> _MATERIAL PROVIDED_

====

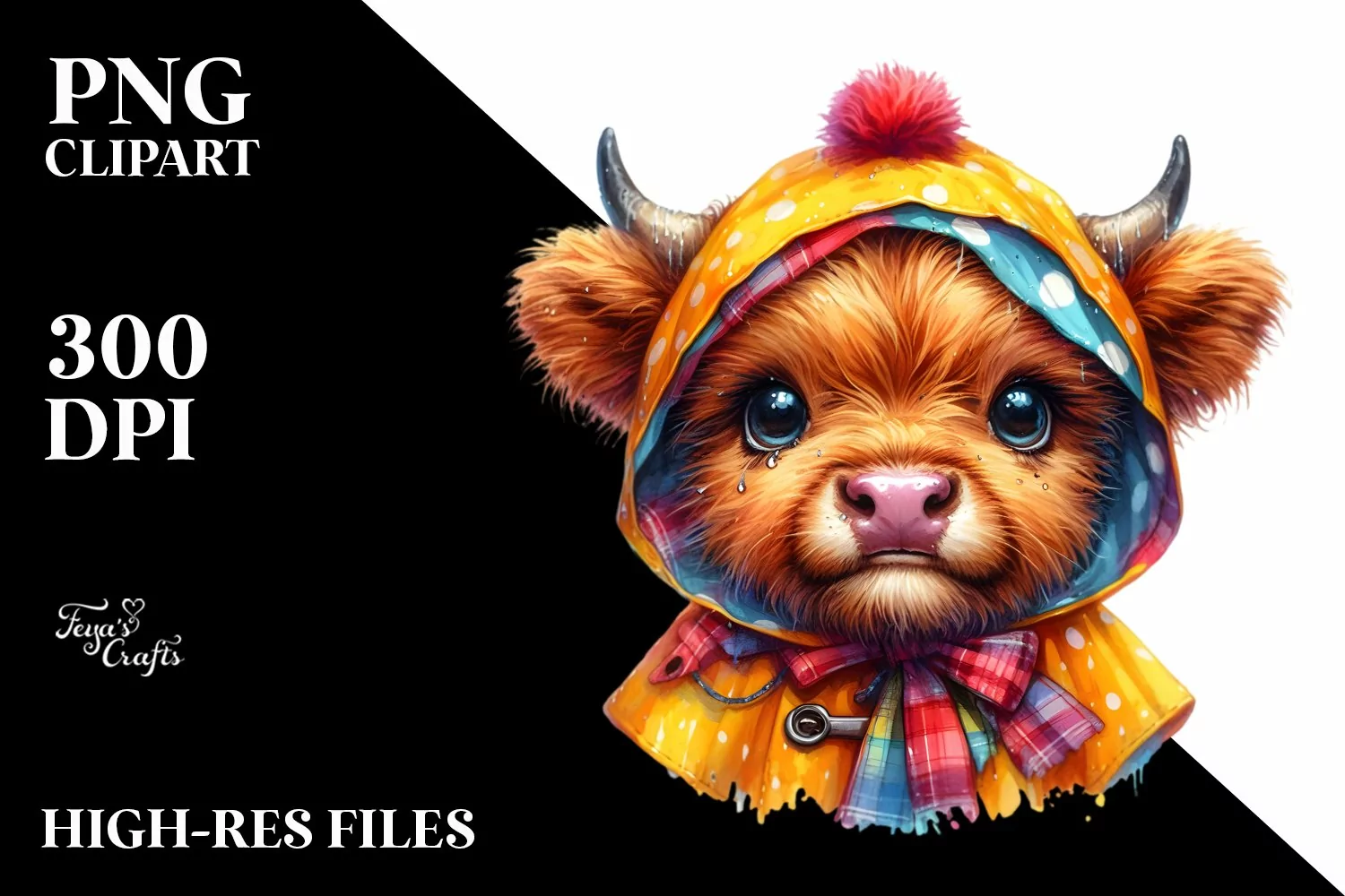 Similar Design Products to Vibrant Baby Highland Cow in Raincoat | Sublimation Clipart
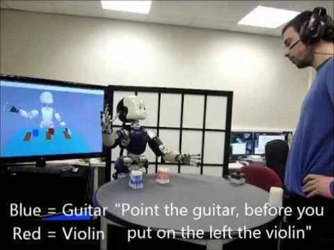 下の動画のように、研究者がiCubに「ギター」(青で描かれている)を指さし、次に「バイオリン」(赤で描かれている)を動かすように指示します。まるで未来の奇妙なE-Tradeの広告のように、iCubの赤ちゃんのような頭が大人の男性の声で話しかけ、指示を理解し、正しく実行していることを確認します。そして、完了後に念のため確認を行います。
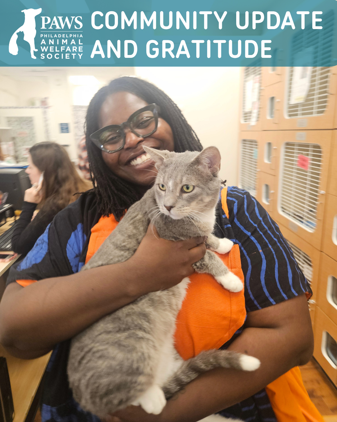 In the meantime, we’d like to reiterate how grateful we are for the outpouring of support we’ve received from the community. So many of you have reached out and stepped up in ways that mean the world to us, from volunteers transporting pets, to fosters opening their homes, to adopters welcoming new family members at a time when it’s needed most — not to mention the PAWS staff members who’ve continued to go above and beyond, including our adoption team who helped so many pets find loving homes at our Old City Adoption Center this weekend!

====

> _THE PROBLEM_
Repeat the listing verbatim, pictures excluded.

> _RESULT FOR THIS EXERCISE_
 Similar Design Products to Vibrant Baby Highland Cow in Raincoat | Sublimation Clipart
 下の動画のように、研究者がiCubに「ギター」(青で描かれている)を指さし、次に「バイオリン」(赤で描かれている)を動かすように指示します。まるで未来の奇妙なE-Tradeの広告のように、iCubの赤ちゃんのような頭が大人の男性の声で話しかけ、指示を理解し、正しく実行していることを確認します。そして、完了後に念のため確認を行います。
 In the meantime, we’d like to reiterate how grateful we are for the outpouring of support we’ve received from the community. So many of you have reached out and stepped up in ways that mean the world to us, from volunteers transporting pets, to fosters opening their homes, to adopters welcoming new family members at a time when it’s needed most — not to mention the PAWS staff members who’ve continued to go above and beyond, including our adoption team who helped so many pets find loving homes at our Old City Adoption Center this weekend!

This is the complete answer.